Part of my interest has to do with the stories tombstones tell about the times, whether of events that transpired or of social history. One cannot help being impressed by the depth of Christian conviction that some of the inscriptions express, by the moralistic admonitions that some give, and by the simple tomfoolery that appears at times as well. A tombstone is often the last attempt of a person to make a statement, and they are frequently, for that reason, quite revealing.

What interests me most about tombstones and their inscriptions, however, is what they unintentionally say about the people who wrote them. I have two favorites. The first is from a churchyard in a small village north of Zurich, Switzerland, where I was looking for branches of my own family tree. The Swiss have a habit of burying their dead within parish churchyards in neat, tidy rows according to date of death and not necessarily in family plots. In this particular graveyard is a rather recent grave of a 34-year-old lady with only one word on its headstone: Warum? (“Why?”). Four graves beyond this lady, with the date of death being given as eight months later, is the grave of a 74-year-old man with the following answer on its headstone: Mitt Gott ist keine Warum! (“With God there is no questioning ‘Why’!”). One can only wonder what these two people were like, the circumstances of their deaths, and the debate that went on within the community regarding them.

Resurrection Luck?

My second favorite epitaph comes from the largest of the burial complexes chisled out of the base of Mount Carmel at Beit She’arim in southwest Galilee, Israel, where a number of the famous rabbis of talmudic lore and their families were buried. Many of the chambers and sarcophagi of Catacomb 20 are impressive, with much to be learned about the social and religious history of the Jews in this region during the second, third, and fourth centuries A.D. Inscribed in graffitilike fashion on each side of the entrance to one of the chambers, however, is a most revealing two-part Greek inscription. On the left side it reads: “Be Comforted, Holy Fathers; No One is Immortal.” On the right side: “Good Luck in Your Resurrection.” One may argue theoretically about the relation of immortality and resurrection in Jewish thought. But here is an expression right from the heart that pretty well captures the thinking of the people of that day.

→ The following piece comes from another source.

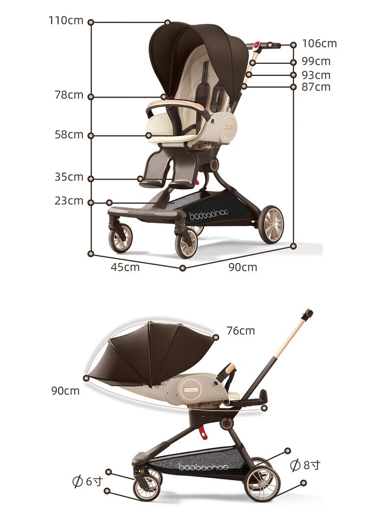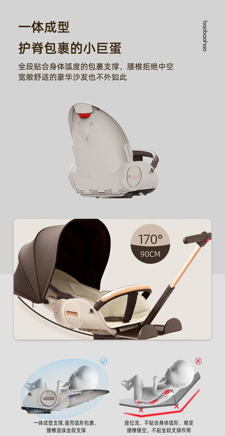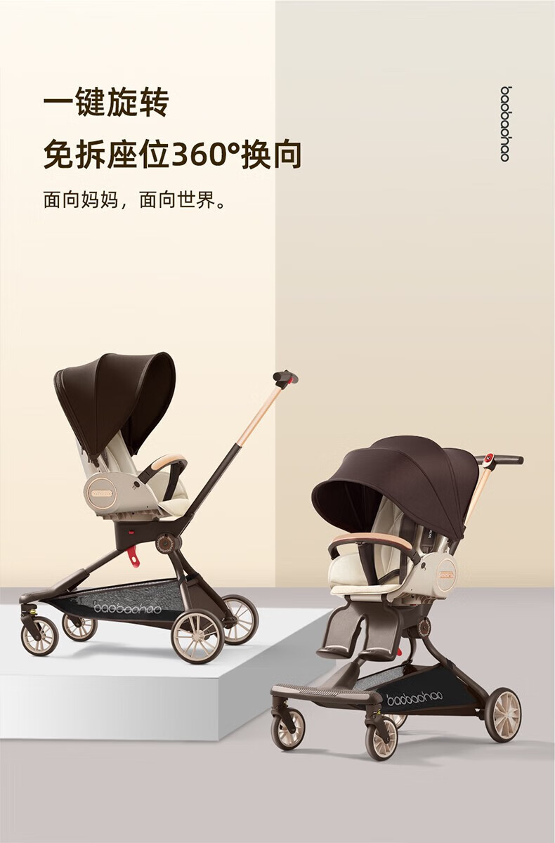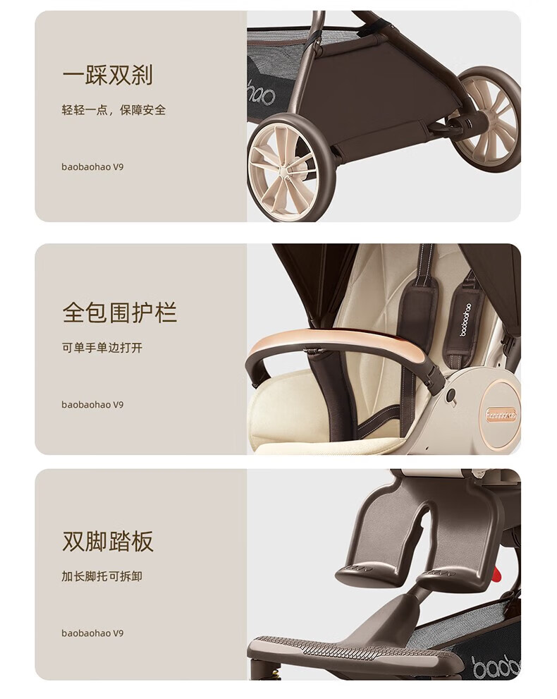 宝宝好V9-C遛娃神器遛娃手推车双向高景观轻便折叠可坐可平躺婴儿推车 V9-C焦糖奶茶+原厂原装餐盘

What always overwhelms me, however, in viewing tombstones and their inscriptions, are humankind’s varied attempts to attain immortality. We all want to be remembered by posterity, and so our last endeavor is often to erect a stone monument to ourselves with an inscription that preserves something of the essence of our being. Or, perhaps, we try to accomplish the same end by founding a self-perpetuating institution, building a classic edifice, painting the ultimate masterpiece, or writing some memorable piece of poetry or prose. But monuments become defaced, institutions and edifices are soon altered, and most artistic and literary works have only a limited life span.

Memorials are best written in people. And somewhat paradoxically, the truly lasting memorials come when we do things for others’ best interests and not our own. Inscriptions, buildings, and great works of art leave a valuable testimony, but it is by what we have helped to build into the lives of our children, our students, our parishioners, our neighbors, and our friends that we will be remembered in days to come. This, I am sure, is the primary lesson I have learned from tromping around graveyards. It is, however, a lesson easily forgotten—one that needs constant repetition.

So I find myself often revisiting graveyards. Perhaps we’ll meet sometime.